Collection-level mets.xml file
The mets.xml file for the collection is structured as follows:
- <mets ID="DSpace_COLLECTION_123456789-6" OBJID="hdl:123456789/6" TYPE="DSpace COLLECTION" PROFILE="http://www.dspace.org/schema/aip/mets_aip_1_0.xsd" xsi:schemaLocation="http://www.loc.gov/METS/ http://www.loc.gov/standards/mets/mets.xsd">
- <metsHdr>
- <dmdSec> (contains MODS metadata for collection-level description)
- <dmdSec> (contains DSpace Intermediate Metadata (DIM) for collection-level description; all mapped to dc; some overlap with MODS metadata)
- <amdSec> (contains information on DSpace users and groups associated with the collection)
- <fileSec> (references the collection's logo, if there is one)
- <structMap> (links the collection to its logo, if there is one, plus its two child items)
- <structMap> (links the collection to the DSpace Community)
Item-level mets.xml file
- <metsHdr>
- <dmdSec_1> (contains MODS metadata for item)
- <dmdSec_2> (contains DIM metadata for item; all mapped to dc; some overlap with MODS metadata)
- <amdSec> (contains rights metadata)
- <amdSec> (contains rights metadata)
- <amdSec> (contains PREMIS object metadata; rights metadata; DIM metadata for the item)
- <amdSec> (contains rights metadata)
- <amdSec> (contains PREMIS object metadata; rights metadata; DIM metadata for the licence)
- <fileSec> (lists the item and its license)
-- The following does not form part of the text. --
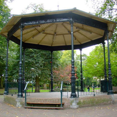 MUZIEKTENT in een vormgeving die aansluit bij de traditie van de Neo-Hollandse-Renaissance, stamt uit het eind van de 19de eeuw en is gesitueerd in het zuidelijke, brede gedeelte van het park, nabij de Vijverstraat.

- <structMap> (links the bitstream to the logical object)
- <structMap> (links the item to the collection)
Parsing a DSpace collection export in Archivematica
Requirements:
- Map the elements of the DSpace AIPs to the Archivematica AIP
- Structure the Archivematica mets.xml file to point to the DSpace mets.xml files
- Index the metadata in all the xml files
Map the elements of the DSpace AIPs to the Archivematica AIP
- The digital objects get placed in the objects directory
- The license files get placed in the metadata/submissiondocumentation directory; the text is parsed to the <rights> container in the PREMIS metadata. See PREMIS metadata: rights#License-based
- The mets.xml files get placed in the metadata/submissionDocumentation directory...hmm, why not put them in the metadata directory?
Structure the Archivematica mets.xml file
METS file section | Description/notes |
---|---|
<dmdSec> | DC metadata added during transfer/ingest; SIP-level only |
<amdSec> | PREMIS metadata |
<fileSec> | Lists all the files in the objects directory of the AIP |
<structMap> | Groups the contents in the objects directory of the AIP to reflect the folder structure of the AIP |
Question: how do we link the object to the DSpace METS file? Give the METS file a UUID and make the link in the PREMIS relationships field?